Having completed COPOUT a couple weeks ago, I’m looking back at how it came to be. I think I got the idea in about 1987. I was studying film at college in California, and thinking about endings. The best ending some people could come up with was, “And he woke up. It was all just a dream.” I never liked the film The Wizard of Oz for that reason. I love dreams, and the outrageous stuff that happens in them, but “she woke up” is a copout of an ending. I thought of a way to turn that ending on its head and make something great. At that time I had just begun a screenwriting course and was busy on a project called Padrone, so it would be a little while before I could start on Copout.
I started writing Copout as a screenplay in 1989. In early 1990 I bailed out of the USA in favour of traveling. I took a floppy disc of the unfinished Copout with me, and finished it in Berlin, Germany. I had no laptop or iPad back then, so I worked on Copout at computer-owning friends’ houses, having met some lovely people in an English-language Baptist church.

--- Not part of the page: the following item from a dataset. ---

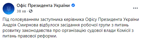 В Киеве под председательством заместителя руководителя Офиса президента Андрея Смирнова состоялось заседание новой рабочей группы. Она будет заниматься развитием законодательства, связанного с организацией судебной власти, при комиссии по вопросам правовой реформы.

When I moved to England in 1992, I had a completed version of Copout. Over the next five years or so I didn’t do any writing except occasionally returning to Copout to improve it.
Throughout the new milennium I left Copout alone, until a year ago, when I decided to write it as a novel. Facing the facts, I am in no position to make a movie, but I am well-equipped to write a book.
Why did it take a year to make a novel out of what was already a finished screenplay? Is the book very different from the script? No. The problem was that a script is written sparingly, as it’s not the writer’s job to attempt the role of a set designer, actor, special effects guy, costume designer, or director. In the book a lot more detail must be provided. My job as a novelist is definitely to wear all those hats, and I found I needed a lot more detail.
So Copout has taken me 25 years, but don’t worry. I had a life in the meantime. I traveled a lot, got married, raised two kids, and worked three different careers. Now that I’ve got this out of my system I’d better decide on my next project.